The board approved a resolution to accept funding from the Virginia Community College System (VCCS) in the amount of $1,500,000 for training vouchers to be used for any eligible training provider in one of the following training areas: Information Technology, Manufacturing and Skilled Trades, Healthcare, Early Childhood Education, or Public Safety. Currently, unless funding is extended past Dec. 30, 2020, all training programs must be completed by Dec. 30, 2020 in accordance with the federal CARES Act legislation.

“I believe these are the first vaccine programs we’re seeing go through,” said Supervisor Walter L. Alcorn, Hunter Mill District. He asked, “My question for staff is, when are we going to see a vaccination plan for the Fairfax County Health District?”

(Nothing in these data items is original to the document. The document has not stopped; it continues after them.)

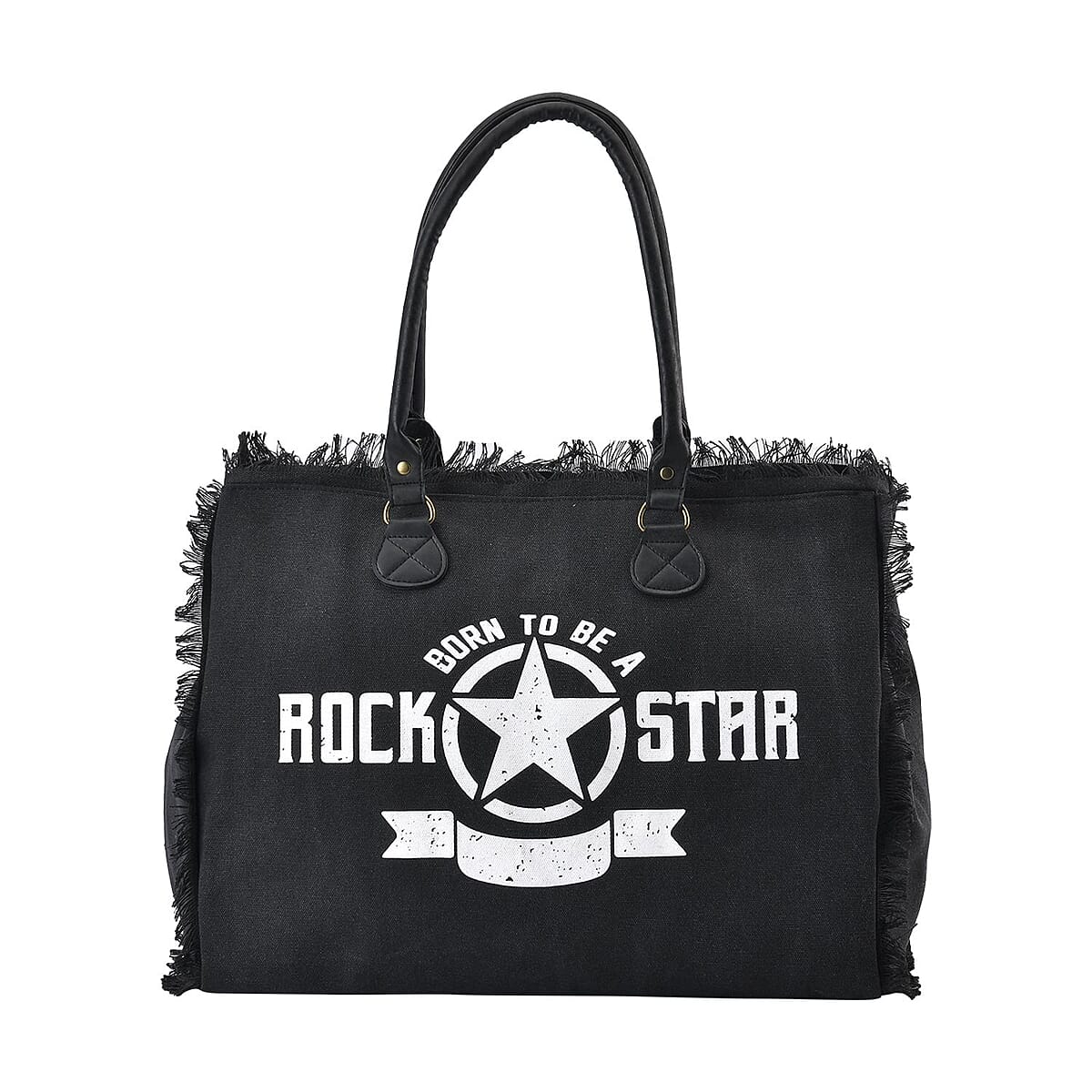 Black Color Canvas Tote Bag with Faux Leather Handle Strap
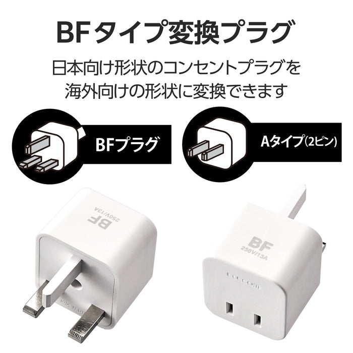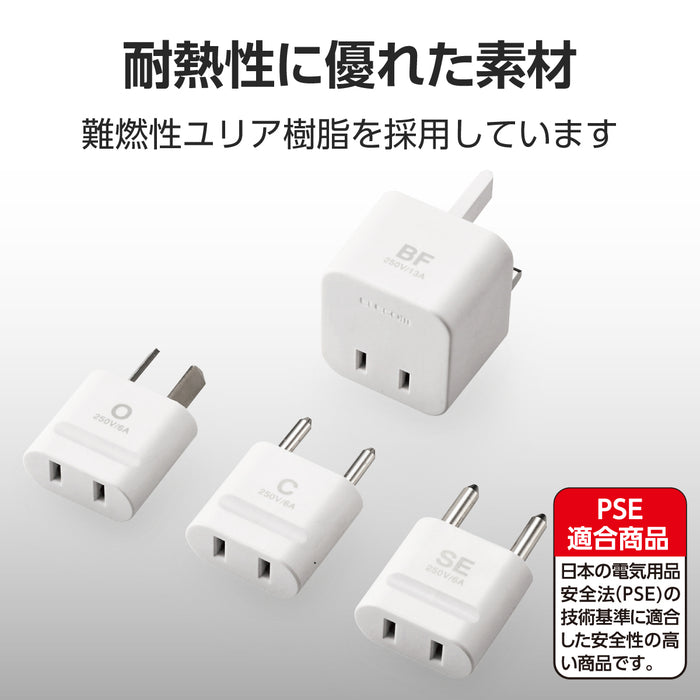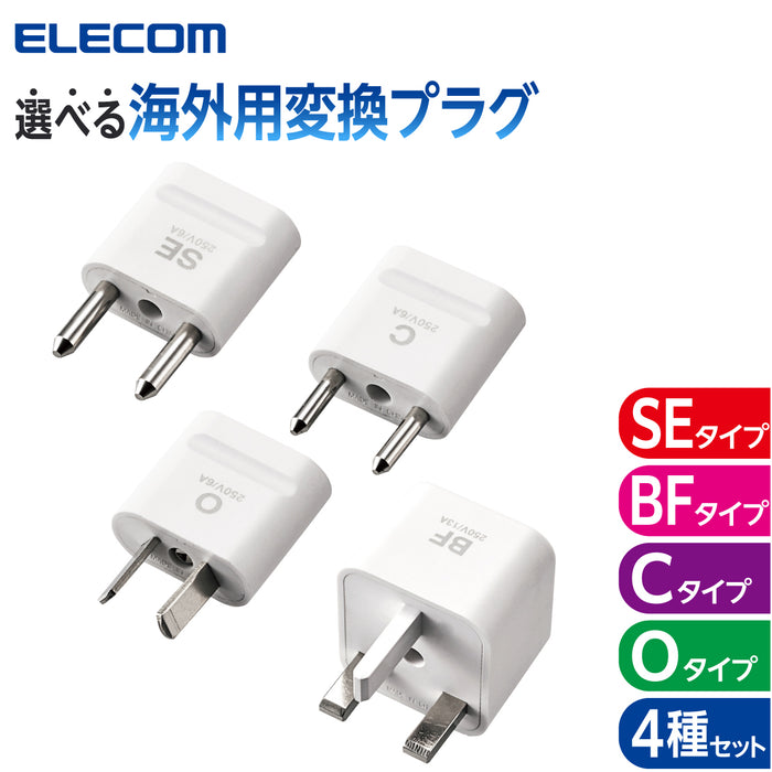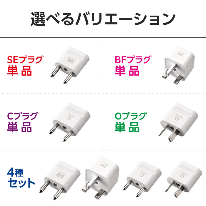 海外のBFタイプ Cタイプ Oタイプ SEタイプのコンセントを日本の形状に変換できる、二重の安全設計を採用した変換プラグ。
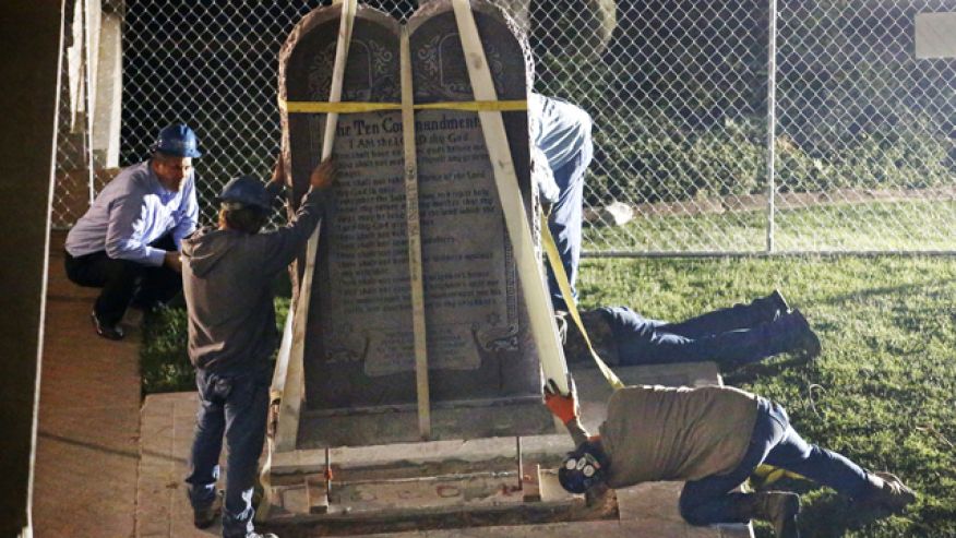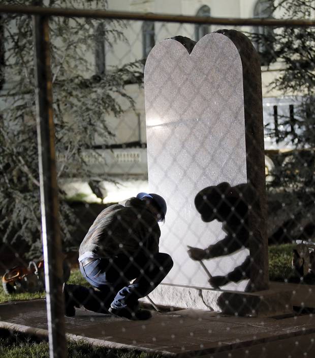 Рабочие демонтировали монумент «Десять Заповедей», находившийся перез зданием Капитолия в в Оклахома-Сити. Это произошло поздно вечером в понедельник 5 октября. FoxNews сообщает, что памятник будет установлен в другом месте.
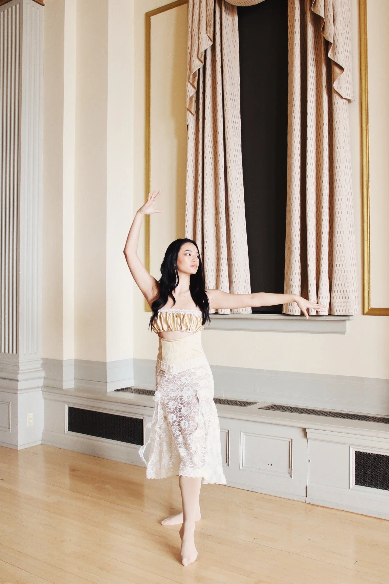 A waltz between light and memory, this look is crafted from thrifted brocade and a delicate lace, catching the warmth of an imagined golden hour. A piece that moves not just with the body, but with the ephemeral glow of time suspended.
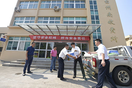 圖為公司副董事長、總經理張建平檢查收費所食堂 “今天車流量多嗎?你們是公司形象的代表,請把最優質的服務提供給他們。”在臺州收費所一號崗亭里,張建平一邊慰問當班收費員,囑咐他們注意安全和休息,一邊鼓勵他們堅持做好文明服務。他還到黃土嶺隧道所、臨海南收費所慰問當班執勤隊員和收費員。此時,各所食堂管理房正處于改造階段,他仔細查看了各所食堂和工作場所,了解大家的飲食和工作環境。
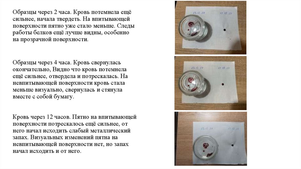 Образцы через 2 часа. Кровь потемнела ещёсильнее, начала твердеть. На впитывающей
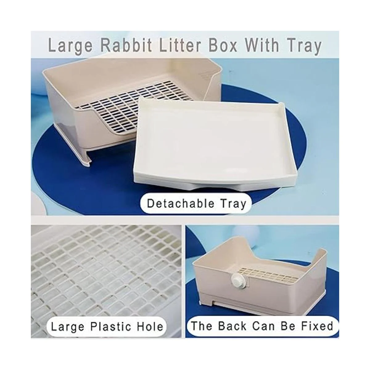 Hamiledyi Caja de arena grande para conejos, inodoro de esquina con cajón, bandeja para mascotas más grande para conejillos de indias adultos, hurón, chinchilla, galesaurio, animales pequeños
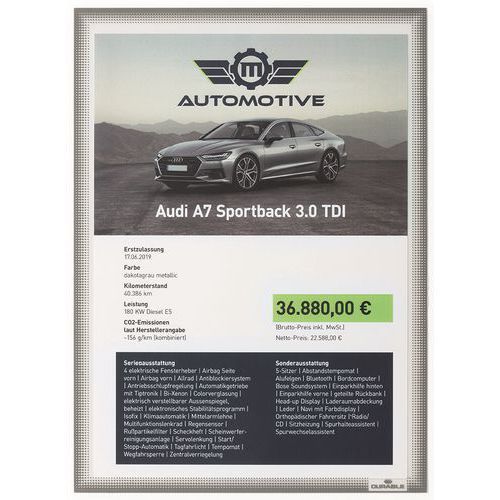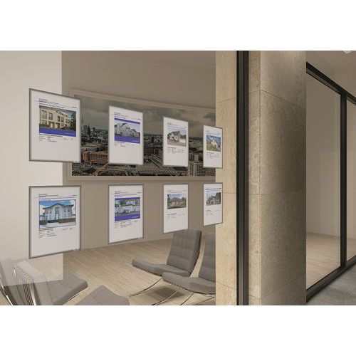 Statikus információs zsebek ragasztó nélküli összeszereléshez. Mindenféle üvegfelületre és a legtöbb akril és PVC felületre rögzíthetők beltérben. Hőálló körülbelül 70 °C-ig. UV-állóság akár 2 évig. Szükség szerint eltávolítható és áthelyezhető. A4-es formátum, ajánlatok, árak és egyéb információk bemutatására. Használható álló vagy fekvő tájolásban.

County Executive Bryan J. Hill said that in speaking with Gloria Addo-Ayensu, MD, MPH the Director of Health for Fairfax County they were waiting on provisions coming forward from the Virginia Department of Health. “We don’t know how many doses we will have, but again, once we know the particulars, we will have a plan in place per the VDH guidelines,” said Hill. The Board approved authorization of resolutions for the Health Department to accept grant fundings from the Virginia Department of Health for the COVID-19 mass vaccination campaign and immunization planning in the respective amounts of $500,000 and $230,000.

In one of its final motions, the Board approved to give the Police Civilian Review Panel the authority to receive public comment about any law enforcement related policy, practice, or procedure.